One thing I have been thinking about acutely regarding PEPFAR, is that money spent by the US tackling other countries' health crises enables those countries to build up other institutional capabilities. Dollars we spend on 'humanitarian' aid become dollars that American companies can come search for - investment opportunities that would not have occurred without the public health groundwork first being laid. Dollars we spend on other countries' civil society basics are what keep many places stable enough to support international investment at all.
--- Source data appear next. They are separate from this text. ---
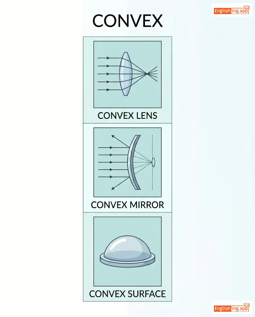 convex lens, convex mirror, convex surface
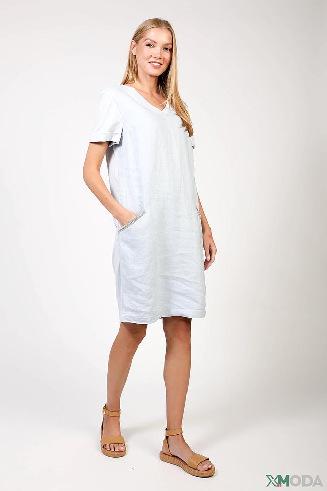 Льняное платье Oui голубого цвета – это комфорт и стиль в одном изделии. Платье свободного кроя с V-образным вырезом и короткими рукавами, украшенное декоративной цепочкой на кармане. Идеальный выбор для летнего гардероба. Состав: лен 100%
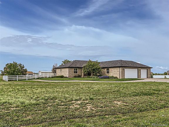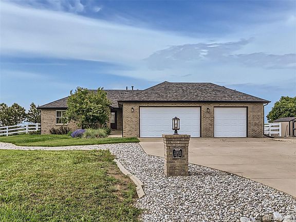 Looking for a place to escape the city but still be close enough to enjoy city amenities? Located South of I-70 with a 30 minute commute to Denver, and expansive views of the front range. This house has it all. Beautifully landscaped yard enclosed by pristine white vinyl fencing and front and rear sprinkler system and enclosed garden beds. The backyard is perfect for entertaining under the covered patio, and boasts a 1500 sqft workshop with concrete floors, 220 volt electrical perfect for RV storage, car enthusiasts, or home based businesses. Inside the home you will find beautiful Acacia wood flooring throughout the living space and kitchen. The kitchen offers a convection double oven, gas range. The primary bedroom has a beautiful accent wall and an on suite bathroom with a jetted tub and steam shower. The basement is finished and has expansive ceilings that are open and inviting. This home has been meticulously maintained with a new well pump installed in 2022, new roof gutters and paint in 2020, and new HVAC in 2022 The seller is including a riding mower, walk behind mower, outdoor fireplace, composter, dethatcher, swing set, and the garage refrigerator. This home offers all the benefits of country living and many more.
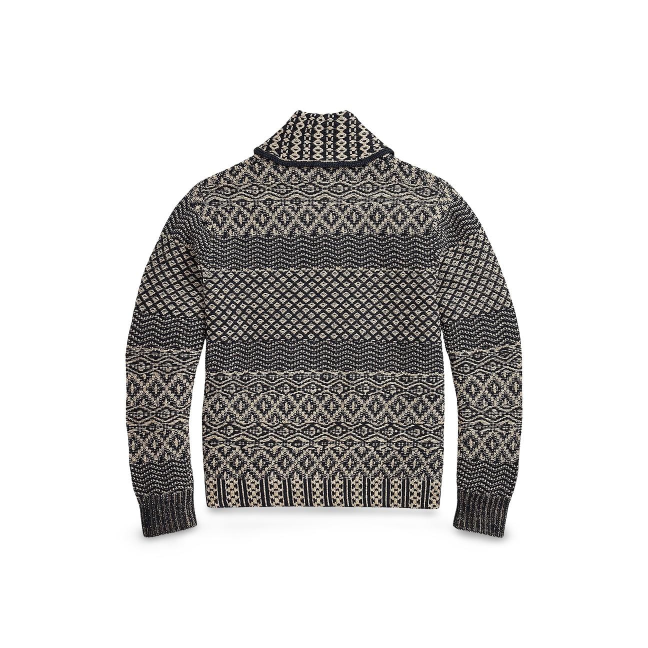 Shawl collar cardigan made with cotton, linen and wool yarns. Worked with a floating thread jacquard technique and multiple motifs. Inspired by carpets from the 1850s. Nautical-inspired "RRL & Co" graphics on the pockets. Ribbed cuffs with mottled yarns. Buttons with engraved anchor. Subjected to a special wash to obtain a vintage look.
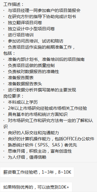 上市咨询公司要市场调研,要求全本以上学历,有至少一年以上相关工作经验,英语书面优秀,口语日常沟通。base8-10k,特别优秀可谈。年底13-14薪,坐标8号线虹口足球场,jd如图
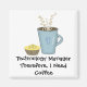 A fun design for managers, just switch the type of manager to what works for you. A blue coffee mug with steaming hot coffee and a lemon muffin.
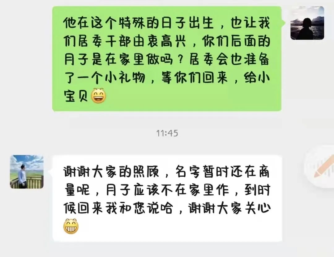 “這次真的要感謝居委工作人員,我們去醫院的時候,沒想到這么快就生了,太驚喜了。社區工作者很給力也很溫暖,一直在替我們想辦法!笔Y先生說道。
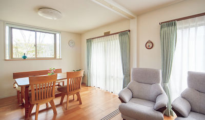 暗かった2部屋の壁をなくし、開放感あるひとつづきのLDKに。窓を開けるとバラの花咲く庭から心地よい風が吹き抜けます。全室に床暖房を完備し、真冬でもぽかぽか。廊下と床のバリアフリー化、寝室への変更を可能にする間仕切りなど、将来への備えも万全。
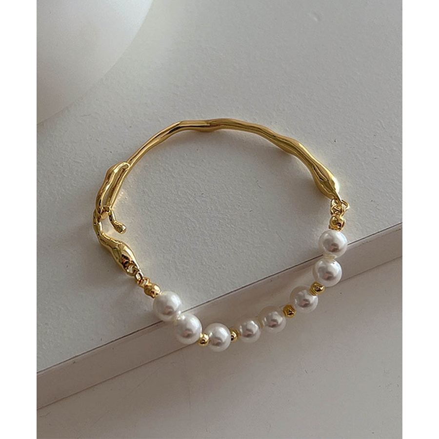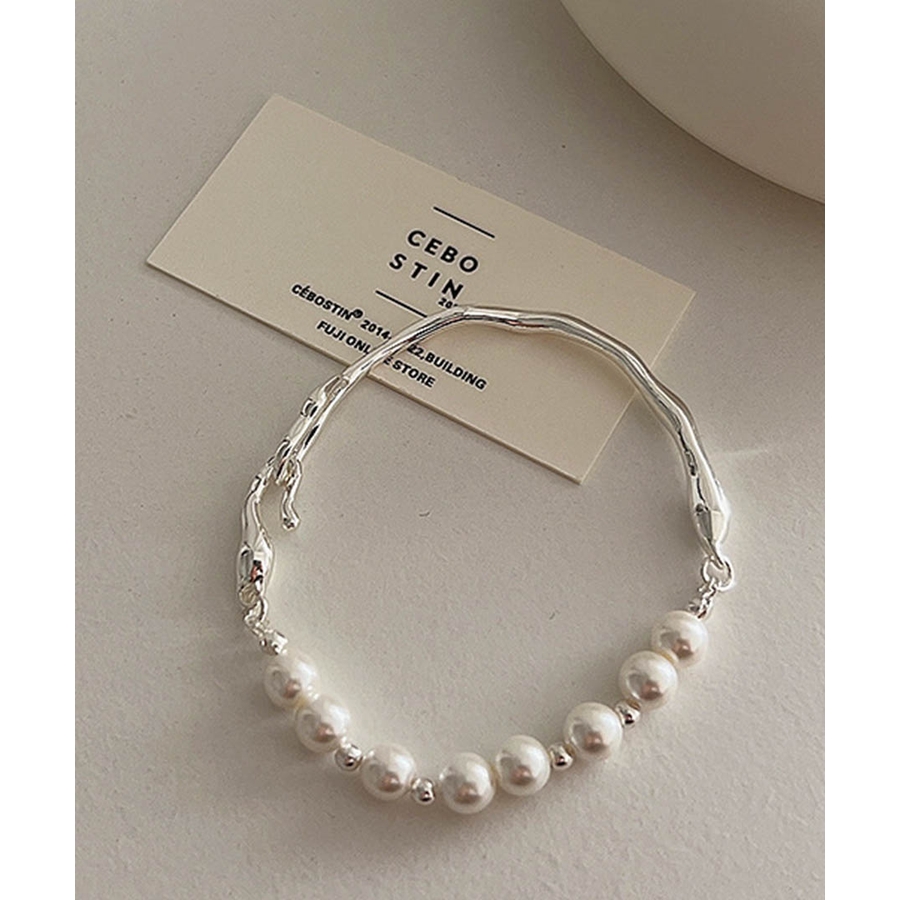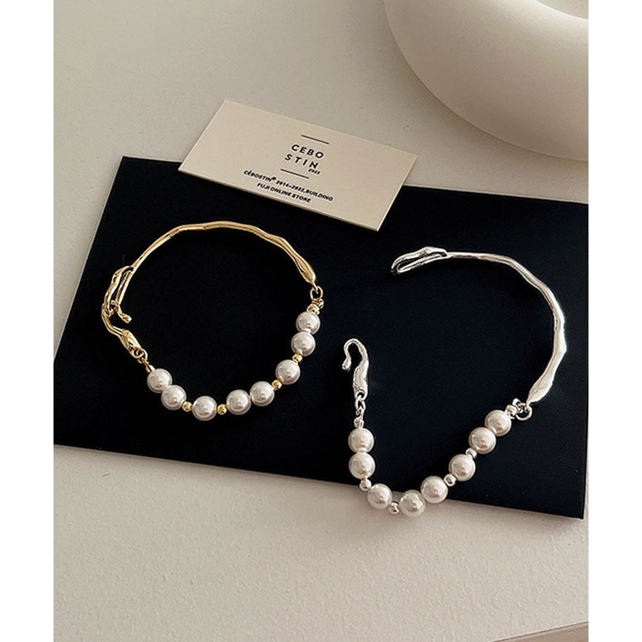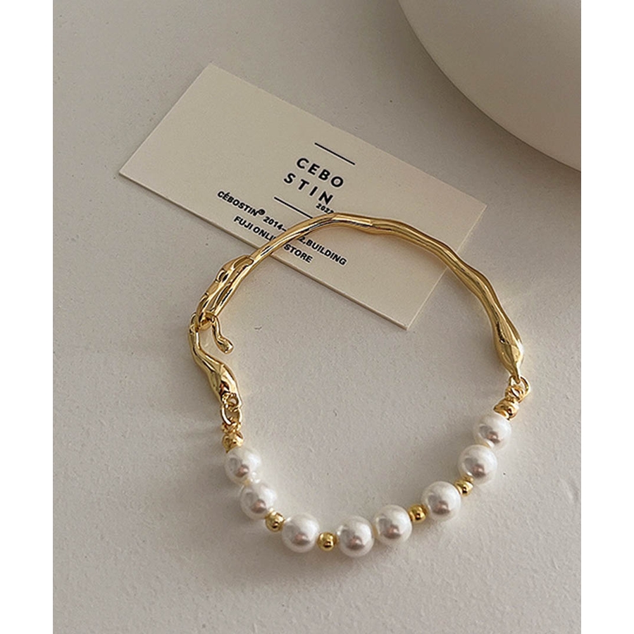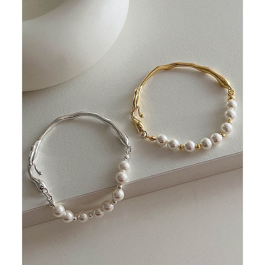 小粒のパールとSILVERや、ゴールドのボールが串綴りとなったバランスが可愛いブレスレット。 ※空気に触れることで黒色に変化する場合がございます。

I think we even got General John Kelly to admit and come to a similar realization in the context of the family separation policy. USG dollars spent in El Salvador (increasing LE capacity there, creating the kind of civil society bedrock that can compete against gangs, &c.) produce conditions where El Salvadorans can stay in El Salvador which are fewer USG dollars that have to be spent finding the parents of separated children (and litigating and supervising the whole messy process in the first place).
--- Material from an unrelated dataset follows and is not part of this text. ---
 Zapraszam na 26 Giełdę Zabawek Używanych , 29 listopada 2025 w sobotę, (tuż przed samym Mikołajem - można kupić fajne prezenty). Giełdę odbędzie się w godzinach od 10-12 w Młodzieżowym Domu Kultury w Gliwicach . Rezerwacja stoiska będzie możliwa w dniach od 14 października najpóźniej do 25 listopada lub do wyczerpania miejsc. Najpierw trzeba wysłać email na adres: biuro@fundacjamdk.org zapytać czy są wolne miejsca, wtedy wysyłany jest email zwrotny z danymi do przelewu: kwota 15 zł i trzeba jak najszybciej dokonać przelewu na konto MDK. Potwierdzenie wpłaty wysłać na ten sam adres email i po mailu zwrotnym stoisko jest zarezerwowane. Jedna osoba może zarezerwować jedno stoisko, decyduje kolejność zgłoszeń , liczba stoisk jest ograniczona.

Those are the kinds of messages and perspectives that I have discovered average Americans do not have a chance to see and think about. But it's also a perspective easily subject to political and ideological scapegoating. It goes back to the 'it's cheaper to house people than to jail people' conundrum. We knowwwwwwwwww with a fair degree of clarity that what fixes homelessness, drug addiction, &c., is MONEY, MONEY necessary to create adequate social and communal support. We knowwwwwwww with a fair degree of clarity that those $$$ figures are generally less than policing, trying, incarcerating, monitoring, repeating. We even are starting to realize (as a result of DEI dare I say, community development block grants, oh my) that this money can be funneled in a collective way (to communities and organizations rather than individuals) to avoid the optics of 'writing wrongdoers a check.' It just takes a lot of patient communication and a lot of evidence to make this case; the cause/effect are further apart than a typical cable news headline tolerates.